Homework Help: Epsilon-limit proof for real number sequences

  1. Jan 18, 2010 #1
    1. The problem statement, all variables and given/known data
    Let {an} be a sequence of real numbers.
    Suppose an->L as n->∞. Prove that [(a1+a2+...+an)/n] ->L as n->∞.

    2. Relevant equations
    N/A

    3. The attempt at a solution
    By definition:
    an->L iff
    for all ε>0, there exists an integer N such that n≥N => |an - L|< ε.

    Given ε>0.
    I start with |[(a1+a2+...+an)/n] - L|. But I cannot think of a way to link this with |an - L| so I have no idea how to continue.

    Any help is appreciated! :)
     
  2. jcsd
  3. Jan 18, 2010 #2
    I think we may have to use the triangle inequality, but still I have no idea how to get into the exact the same form as |an - L|.

    Could someone help me, please?
     
    Last edited: Jan 18, 2010
  4. Jan 18, 2010 #3
    I don't get this part.

    In the hypothesis, we suppose an->L, so:
    for all εa>0, there exists an integer N such that n≥N => |an - L|< εa.

    So for example:
    Given ε>0. We can find N s.t. n≥N => |an-L|< ε/4

    But how come you have |(a1+...+an) / n|?

    Thanks for your help! :)
     
  5. Jan 18, 2010 #4

    LCKurtz

    User Avatar
    Science Advisor
    Homework Helper
    Gold Member

    It isn't.

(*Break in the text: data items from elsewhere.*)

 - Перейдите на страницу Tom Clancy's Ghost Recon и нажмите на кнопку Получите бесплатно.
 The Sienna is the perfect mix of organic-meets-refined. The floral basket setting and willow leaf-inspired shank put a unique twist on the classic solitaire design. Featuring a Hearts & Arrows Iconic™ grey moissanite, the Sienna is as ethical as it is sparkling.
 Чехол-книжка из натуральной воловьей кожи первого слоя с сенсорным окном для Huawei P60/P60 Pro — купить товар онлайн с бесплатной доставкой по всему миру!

I must have been in a fog when I posted that and I have deleted it. Be back a little later.
     
  6. Jan 18, 2010 #5

    LCKurtz

    User Avatar
    Science Advisor
    Homework Helper
    Gold Member

    Given [itex]\varepsilon > 0[/itex] pick N such that if n > N then [itex]|a_n - L| < \varepsilon/ 4[/itex]. Now if n > N

    [tex]\left|\frac{a_1+...+a_n}{n}-L\right| = \left|\frac{a_1+...+a_n}{n}-\frac {nL}{n}\right|= \left|\frac{(a_1-L)+...+(a_n-L)} n\right|[/tex]

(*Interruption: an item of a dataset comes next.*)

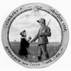 Darstellung eines Kriegsheimkehrers, der vom 'Münchner Kindl' mit Blumen empfangen wird (Umschrift: 'Heimkehr-Schießen 1920...'), Schützenscheibe, 1920, München, K.P. Hauptschützengesellschaft.

    [tex]= \left| \frac{(a_1-L)+...+(a_N-L)}{n}+\frac{(a_{N+1}-L)+...+(a_n-L)}{n}\right|[/tex]

    Now use the triangle inequality. Since N is fixed you can make the first term small in n is large enough. Then work on the second term to make it small. Sorry for the false start earlier.
     
  7. Jan 18, 2010 #6
    1) hmm...why did you choose ε/4 in [itex]|a_n - L| < \varepsilon/ 4[/itex]??

    2) At the end, we have to show that:
    for all ε>0, there exists an integer M such that
    n≥M => |[(a1+a2+...+an)/n] - L|< ε.
    But how can we find such an M?

    Thanks for your help! :)
     
    Last edited: Jan 18, 2010
  8. Jan 18, 2010 #7

    LCKurtz

    User Avatar
    Science Advisor
    Homework Helper
    Gold Member

    Because I anticipate adding a couple of small terms together and having the sum come out less than [itex]\varepsilon[/itex].

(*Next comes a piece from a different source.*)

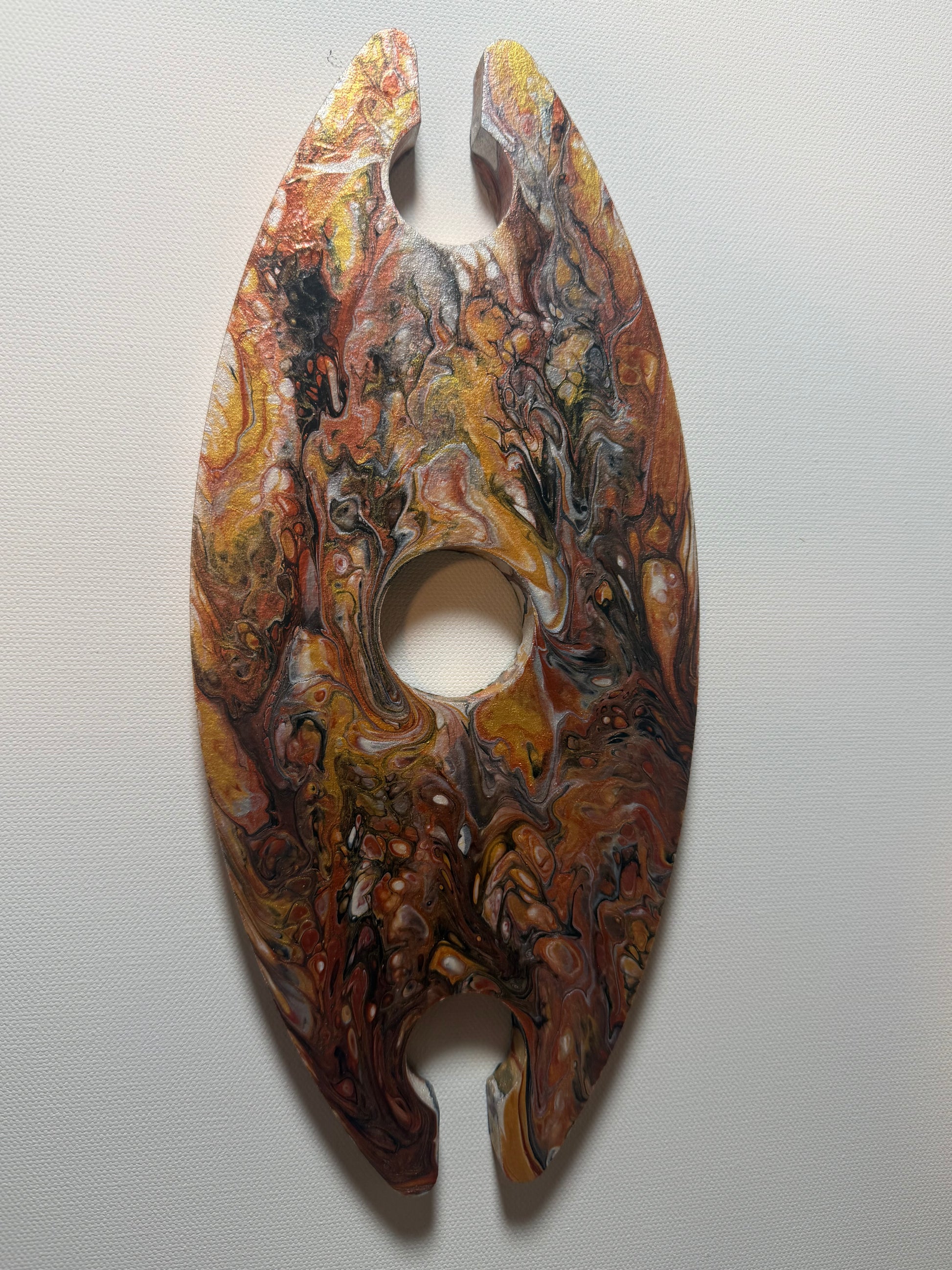 Hand painted wine caddy with brilliant colors and unique design. Adds a beautiful focal point to any table.

    Have you done the triangle inequality on this yet, so you have two terms to make small? If you can say there exists an N1 such that n > N1 makes the first term small and an N2 such that n > N2 makes the second term small, then if you take Nmax = max{N1,N2,N}, wouldn't that do it? Of course, you have to fill in the arguments why you can pick these N's.
     
  9. Jan 18, 2010 #8
    So after using the triangle inequality (which will break it into 2 terms), for the first term I have to find N1 such that n≥N1 => |[(a1 -L)+...(aN -L)]/n| < ε/2

    To find this N1, I think I have to relate |[(a1 -L)+...(aN -L)]/n| to |an - L|, but how is this possible?? I can't think of a way of doing it...

    Thanks!
     
  10. Jan 18, 2010 #9

    LCKurtz

    User Avatar
    Science Advisor
    Homework Helper
    Gold Member

    N is a fixed, finite, number. There are finitely many terms in the numerator and you have n in the denominator. Just pick n big enough...
     
  11. Jan 18, 2010 #10
    I get the intuitive idea, but just like every epsilon-limit proof of this type, we have to actually find a specific N1 which works, right? And I'm stuck on this step...
     
  12. Jan 18, 2010 #11

    LCKurtz

    User Avatar
    Science Advisor
    Homework Helper
    Gold Member

    So solve your inequality |[(a1 -L)+...(aN -L)]/n| < ε/2 for n to see how large it must be.
     
  13. Jan 18, 2010 #12
    OK. I think it is n> 2 |(a1-L)+...+(aN-L)| / ε.
    So I think we can take N1 = 2 |(a1-L)+...+(aN-L)| / ε, is this correct?
    But on top of N depending on ε, N also depends on the terms in the sequence, is this OK? (i.e. is this allowed?)
     
  14. Jan 18, 2010 #13

    LCKurtz

    User Avatar
    Science Advisor
    Homework Helper
    Gold Member

    Everything depends on the terms of the sequence. You wouldn't expect the same N to work for all sequences, would you?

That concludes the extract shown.